I relapsed again a few months ago (the longest I made it was 28 days, although, in the spirit of the lying alcoholic, I got drunk two of those days and still kept counting).

Since that time, I've lost work, gained about 40 pounds, can't sleep soundly, lost my family, friends, and my sponsor. Sometimes by week's end there were almost as many dirty dishes as there were lies I'd told. How many times did I wake up and tell myself I'd "just" drink a half pint of vodka that day, only to find, by 8 pm, that I'd gone through a liter and was on my way to buy more? You know, so that I had enough booze the next morning to make it through before the liquor store reopened.
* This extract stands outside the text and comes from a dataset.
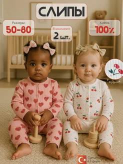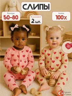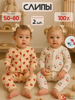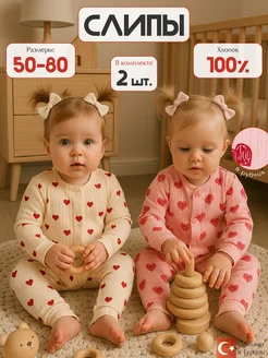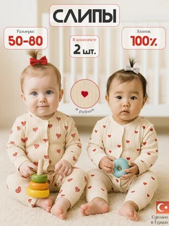 Комбинезон слип для новорожденных в рубчик комплект 2 шт
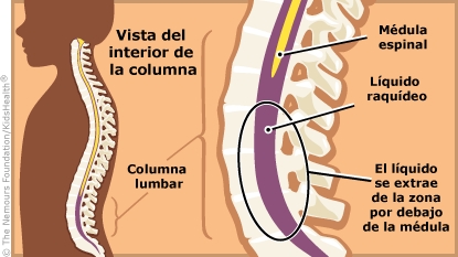 Su hijo fue sometido a una punción lumbar y ya está listo para ir a su casa. Es posible que el profesional del cuidado de la salud le haya dado medicamentos a su hijo para que pueda relajarse durante el procedimiento, por lo que puede estar un poco somnoliento. Es posible que su hijo tenga un leve dolor de cabeza o sienta alguna molestia en la espalda, en el lugar donde se realizó la punción lumbar. Estos síntomas deberían desaparecer unas horas después de haber hecho la punción lumbar.

My SO caught me stealing money from his wallet last week--a thing I never in a million years pictured myself doing--and gave me an ultimatum.

So here I am, back to day one. I don't know that I'll make it to an AA meeting today, just on account of the nausea and sweating. (Did anyone else have a great fear at their first few meetings that they'd vomit in front of everyone because they were coming down?) But instead of submitting to loneliness and despair, I thought I'd join SR and say hello. I feel like crying and am completely overwhelmed...but hopeful.